I thought my life was an experiment at first because of voice.  I also like ballet, too, but I had to quit anyway so I could finish growing.  I wasn't happy short and gained weight from not having time to go to the gym.  The ballet wasn't so great at that school, then.  It was supposed to be pre-professional.  I had a hard time only memorizing.  She recommended me down.

So, I was told not to take voice and not to be in music education.  That bothered me, and I didn't do well in school after that, for some reason.  I should have gotten out of the religion classes...  They made no sense.  I didn't see any of the material learned in testing.

So, I finally stayed home and eventually went on the internet all day.

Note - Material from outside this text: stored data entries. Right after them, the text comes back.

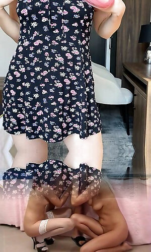 18岁的学生在迷你连衣裙没有内裤cum非常有力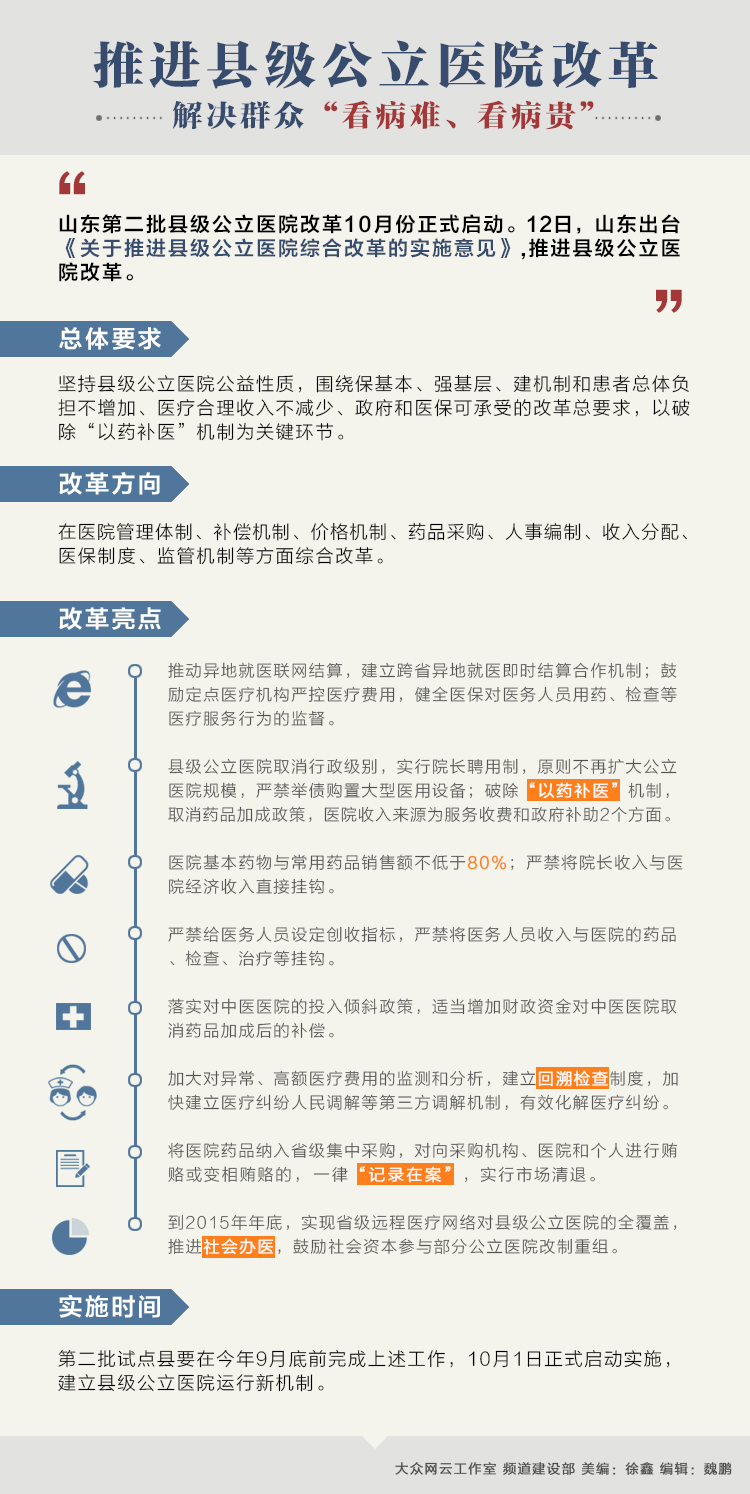 大众网济南8月13日讯(记者李兆辉)山东第二批县级公立医院改革10月份正式启动。12日,山东省政府出台《关于推进县级公立医院综合改革的实施意见》。大众网记者了解到,此次公立医院改革深入到社会关注的8个方面,包括管理体制、补偿机制、价格机制、药品采购等,以破除“以药补医”机制为关键环节,确保患者总体负担不增加、医疗合理收入不减少、政府和医保可承受,最终建立起一种县级公立医院运行新机制。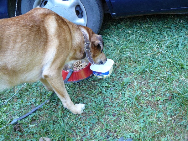 Z naszego wspaniałego ostatniego śniadania też coś psiakom skapnie :)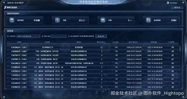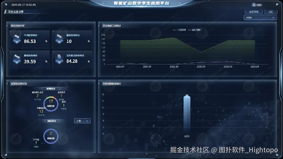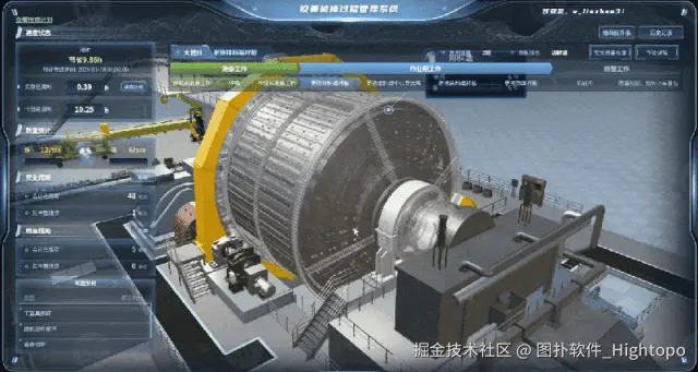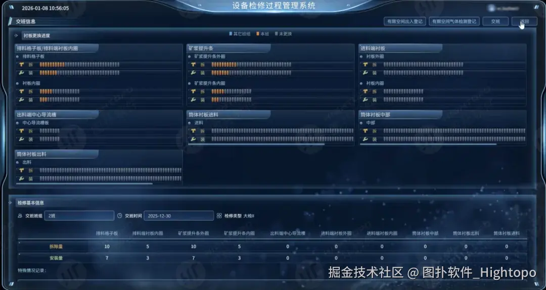 设备检修管理系统聚焦半自磨机、球磨机设备检修维保业务,构建全流程数字化管控体系。系统覆盖检修任务制定、排班调度、作业过程管控、安全质量巡查、进度管理及验收总结全流程,融入图扑 HT 三维动画工序仿真指导,实现检修进度全局把控、排程计划灵活调整。结合多维度评价体系复盘检修过程与作业效果,沉淀实战经验,持续驱动检修流程优化升级、缩短停机时间、降低运维成本。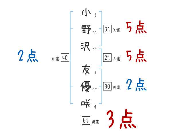 総運![]() | 小野沢友優咲さんの総運は61画の3つ星!強情な性格でうぬぼれタイプ。自ら破滅する。 あなたの人生を表す1番重要な運勢です。生涯を通じて影響する総合運となり、主に50歳以降の晩年期に影響を及ぼします。 |

I bought some things with store cards that my parents aren't paying back.  If I work, I'm supposed to pay it back.  So, it's just a debt I still have.  I used the money for like movies by the director of Charlie and the Chocolate Factory so I could get into him.  I looked up the movie when I came home from up north during a hurricane down south at my real college.  I saw the director and was like whoa.  That guy is getting something done.  Well, I also did visual arts since I was young and kinda did at least crafts a lot at the time.  So, art impressing people was easy and I did it until 16.  Eventually, I found out he also did The Nightmare Before Christmas, well, I guess I already know because of Corpse Bride.

So, then, I thought, since someone said her partner said their son would be gay from listening to Judy Garland ... and I think really they wanted me online to for fun call their daughter the "n" word my parents are always onto me, though now I even come out of my room to see them and eat, which before I didn't.  I think they're regretting I went to the mental hospital now.

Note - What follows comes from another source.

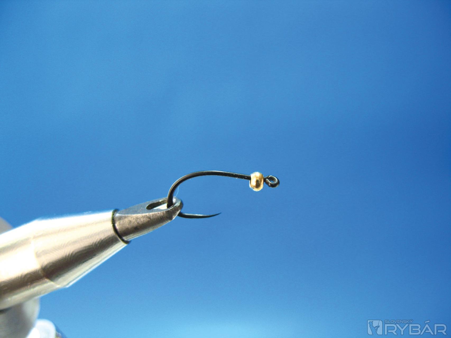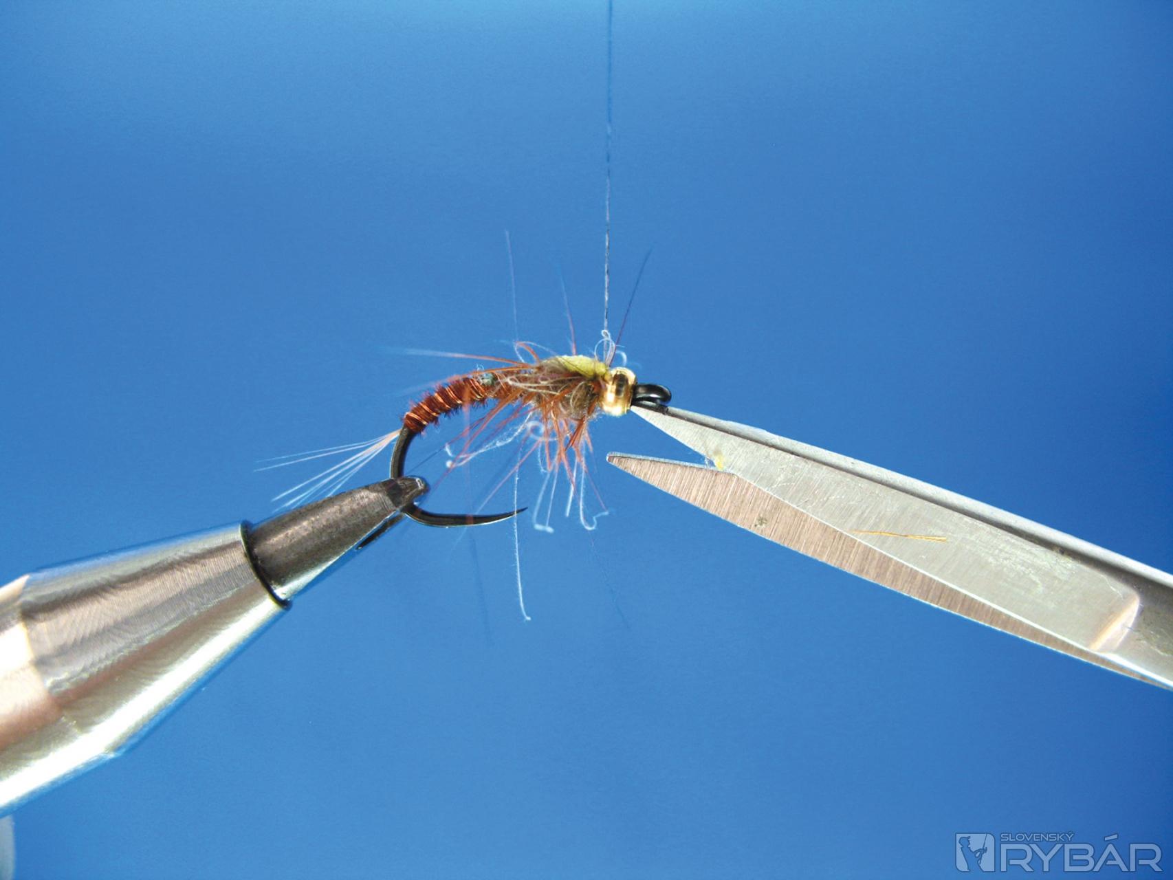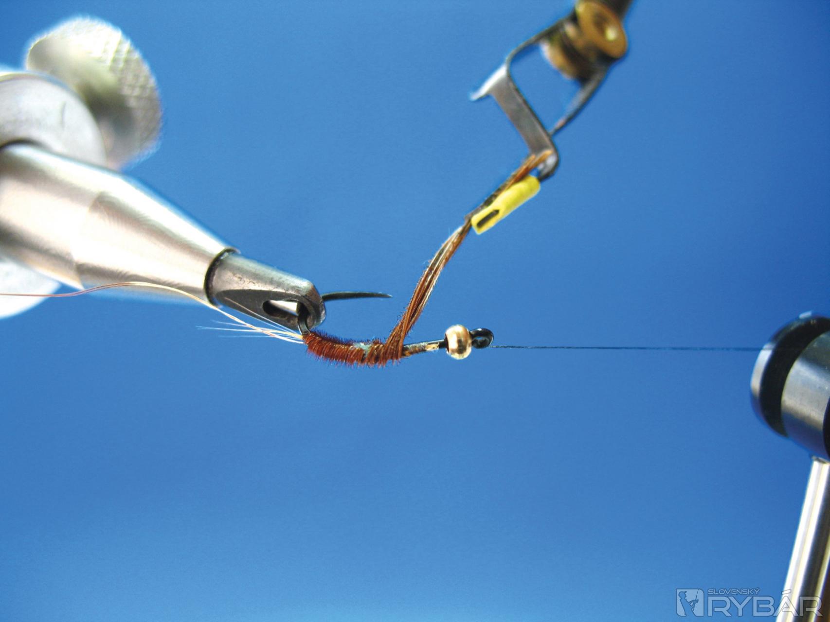 Viazacou niťou prichytíme snopček vetvičiek z chvostového pera bažanta, niť položíme do držiaka na bobinu. Ak by niť kĺzala cez hlavičku, je možné poistiť niť jedným strateným uzlom.

A few things have happened, like me getting mad at suggestions, but nothing big in a way.  I don't buy too much, anymore.  Like, at first, I used my money ... well, at college I ended up eating out sometimes because I couldn't stand the food anymore.  I had gotten some ballet DVDs and stuff like that, I know a ballet book, I dunno.  My dad used to buy me stuff, though, and my mom, too.  I guess I got in trouble when I used the store cards.  They just don't want to pay it back, but they pay for other things.  Eventually, it'll get paid back.  It'd be nice if I could at least get a temporary part time job.  I tried to get one before but after I spent money on the ballet stuff, but they wanted to hire the people that needed the job.  I also got turned down at Sears.  I saw some good-looking black guys doing equipment there.  I don't know what was wrong with me, then.

So, now, my parents and maybe others in the extended family get upset at me if I think something, like I'm still a good person even though the "n" word thing happened.  I don't get it, really, for some reason.  Like, I didn't want to do it, but then I get in trouble because well other people do it because maybe their families aren't really as good, which doesn't sound nice...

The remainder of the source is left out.